How the Technology Actually Works
Most AI image generation tools available to brands are built on top of general-purpose diffusion models — Stable Diffusion, Midjourney, DALL-E — fine-tuned lightly for product use cases. The outputs are impressive but inconsistent: a product might look right in one image and slightly distorted in another, colours shift, proportions drift.
Ayna's proprietary Compound Foundational Models (CFMs) give brands granular control over every detail of their product images in a way that generic tools cannot match. The platform allows a brand to specify exact requirements — set the background, adjust lighting and mood, define a brand colour palette — and then generate consistent imagery across an entire catalogue.
The virtual model capability is where Ayna pushes furthest. The platform can create and customise an entire virtual human model around the clothes or any product, eliminating the necessity of human models for photoshoots. Its GenAI-based platform allows creation of virtual human models with multiple options across ethnicities such as American, Russian, Indian, and Indian sub-cultures such as Kashmiri, Bengali, and others. It also gives options to choose different body types, gender, age, as well as eye and hair colours.
For an Indian fashion brand selling to a diverse domestic market, this matters specifically. A brand selling to consumers in Kerala, Punjab, and Maharashtra cannot assume one model presentation resonates with all three audiences. Ayna lets them generate localised imagery at effectively zero marginal cost per variant — something that would require multiple shooting days with multiple model bookings in the traditional workflow.
The Clients, the Scale Ambition, and What Comes Next
At the time of the funding announcement, Ayna's client roster included Reliance Retail's Clovia, WomanLikeU, Bummer, and D2C furniture brand Wakefit. The Wakefit addition was notable — it represented Ayna moving from pure fashion into home décor, a category with its own acute photography problem: furniture and décor simply cannot be photographed efficiently at catalogue scale without enormous studio and logistics overhead.
Ayna was looking to grow its customer base to over 1,000 by the end of 2024 from 15 at the time of funding. Whether that target was hit is unclear, but Tracxn data shows 27 employees as of July 2025 — a team that has grown meaningfully since the two-founder founding stage, suggesting operational scaling is underway.
The go-to-market expansion has two tracks running in parallel.
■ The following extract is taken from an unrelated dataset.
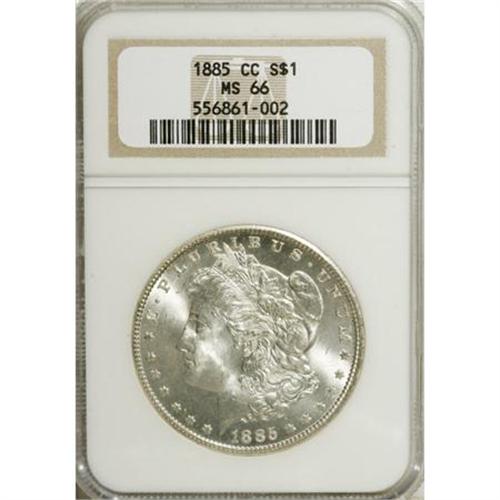 <B>1885-CC $1 MS66 NGC.</B></I> Despite a modest mintage of only 228,000 pieces, the 1885-CC dollar remains available in higher Mint State grades due to the storage of most examples in government vaults. Vibrant luster and a trace of reddish patina characterize this lovely, sharply struck Gem.<BR><I>From The Silver Fox Collection.</B></I><BR><BR><b>Shipping:</b> Coins & Currency (<a target="_blank" href="http://www.heritageauctions.com/common/shipping.php">view shipping information</a>)

Ayna is also creating a portal for long-tail customers where any user can enter and do photoshoots, moving beyond enterprise-only deals toward a self-serve model that mirrors how Canva opened design to non-designers. Simultaneously, international expansion — particularly into US fashion markets and European hubs — is on the roadmap. India remains the proving ground, but the unit economics of AI-generated photography work equally well in any geography where studio costs are high.
Bottom Line
Ayna sits at the intersection of two fast-moving curves: generative AI maturing to the point of commercial reliability, and Indian D2C brands hitting a scale inflection where photography costs become a genuine operational constraint. The $1.5 million seed is small relative to the problem size, but the CFM technology stack, the early enterprise validation from brands like Clovia and Wakefit, and a founding team with Zomato DNA and Stability AI recognition make this one of the more technically credible generative AI startups to emerge from Bengaluru's 2023–24 cohort. The next milestone to watch: whether the self-serve platform materialises, and whether the US market entry adds the revenue base needed for a Series A.